My life changed when UNRWA offered my father a teaching job with a monthly salary of $400. Because of that job, my father was able to send me to Al-Azhar University in Gaza City. I had the choice to study anything I wanted, and I chose English language because I wanted to be able to communicate with people around the world. Upon graduation, I joined 1,800 other Palestinians in applying for an UNRWA job program and was one of just 110 to be accepted.

 Mohammed speaking at a Rotary meeting in the US in 2017. He is in the US studying for his master's degree through a Rotary Fellowship. 

Mohammed speaking at a Rotary meeting in the US in 2017. He is in the US studying for his master's degree through a Rotary Fellowship. 

[UNRWA USA]: During the 2014 Israeli military assault in Gaza, you went from receiving UNRWA food assistance to being one of those delivering it. Can you tell us about that experience?

[Mohammed]: During the 2014 Israel military assault on Gaza, I joined UNRWA’s emergency response program. Our role was to evacuate civilians from the bombed areas and host them at refugee shelters run by UNRWA. We also provided emergency assistance to fellow refugees who were targeted by the random aerial bombings. Victims were civilians of all ages, and the bombing was indiscriminate. We even lost many UNRWA staff members while on duty. 

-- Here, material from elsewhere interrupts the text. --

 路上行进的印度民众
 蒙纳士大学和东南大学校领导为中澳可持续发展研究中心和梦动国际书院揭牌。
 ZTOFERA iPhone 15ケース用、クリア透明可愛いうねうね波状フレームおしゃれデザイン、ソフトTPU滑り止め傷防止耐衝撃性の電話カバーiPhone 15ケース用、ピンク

[UNRWA USA]: That's really tragic, and we're so sorry to hear of all you've been through. Can you share with us how this experience shaped your current educational and professional aspirations?

[Mohammed]: After the assault ended, UNRWA invited many international experts to provide training courses and workshops to develop the staff response skills during the rise of conflict in Palestine. One of the international trainers admired my dedication and hard work and advised me to apply for a graduate fellowship he was familiar with in the United States. He promised to write a letter of recommendation on my behalf. I received that fellowship. Today I live in North Carolina where I am studying Global Studies and International Development through a joint program at the University of North Carolina and Duke University.

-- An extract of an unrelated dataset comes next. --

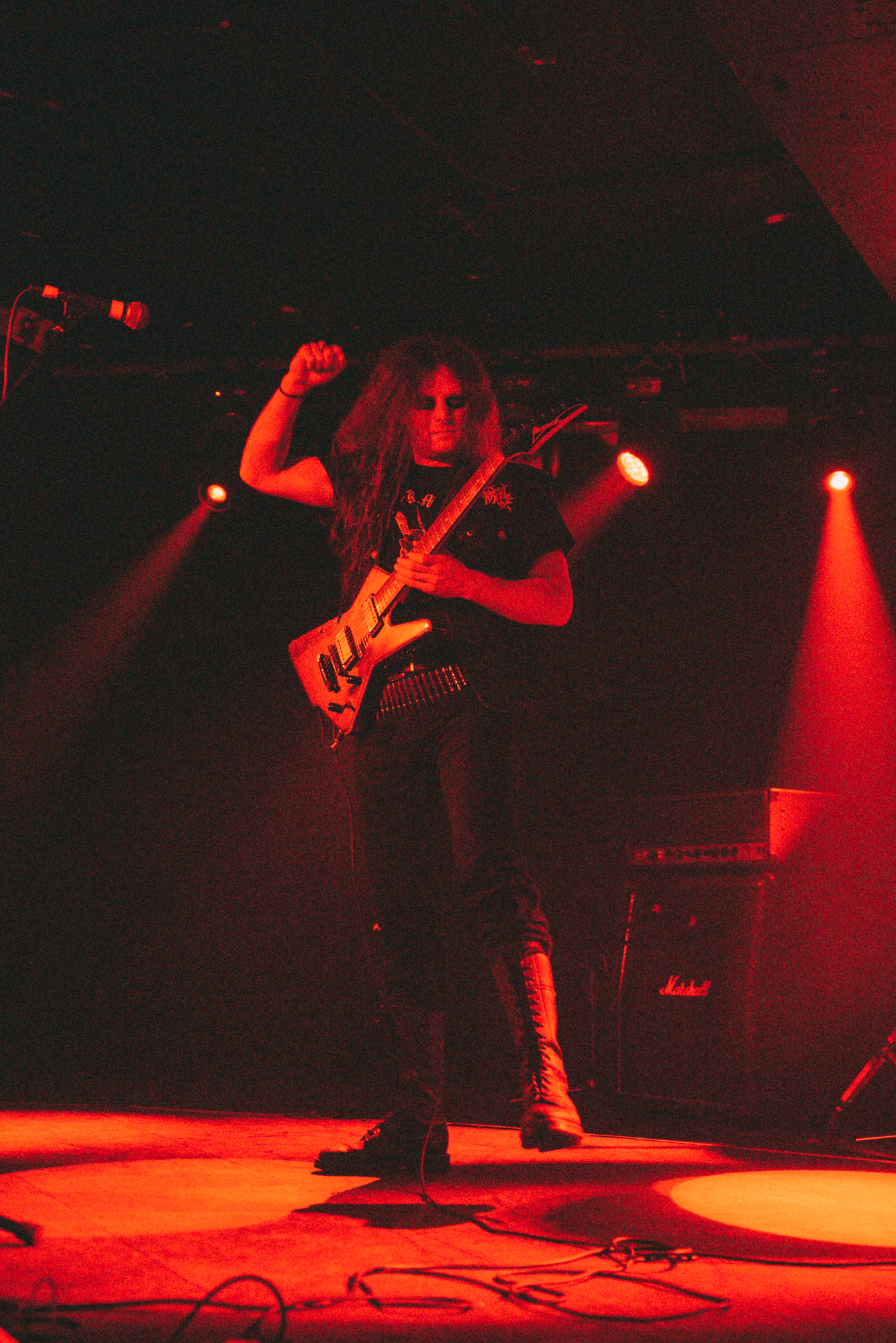 Upon reflection, ROOT‘s placement between DESASTER and ARCHGOAT is a curious one as their lesser intensity has staggered the aural onslaught and as such, it takes some time for DESASTER to restore the ferocity that ARCHGOAT had so effectively built and unleashed. But these German thrashers are no novices, tonight marks a celebration of over three decades of their brand of blackened thrash and their experience is apparent from the get-go.

My goal is to learn how to improve emergency response efforts for victims around the world. When I look in the mirror, I still see that same unkempt little boy from the camps I was growing up, I cannot forget that I made it so far due to the support of UNRWA humanitarian assistance. Today I’m here to carry on this mission, to research and study new ways to help and support crisis victims, to help bring their sufferings' to an end.

[UNRWA USA]: As someone who is well versed with UNRWA's work, what is your message to Americans who do not have a sense of its impact and role in your life and the life of the average Palestine refugee in Gaza?

[Mohammed]: I’m proud to have the chance to work with UNRWA, the largest humanitarian platform in the Middle East. If it wasn’t for UNRWA, children and women would starve to death. Young men would lose hope and get caught in a vicious circle of violence. A whole generation would grow up without proper education. For all of those, UNRWA is the only hope in that part of the world.


 Mohammed receiving a certificate of gratitude by Bo Schack, Director of UNRWA operations in Gaza Strip, due to his contributions to the agency.

Mohammed receiving a certificate of gratitude by Bo Schack, Director of UNRWA operations in Gaza Strip, due to his contributions to the agency.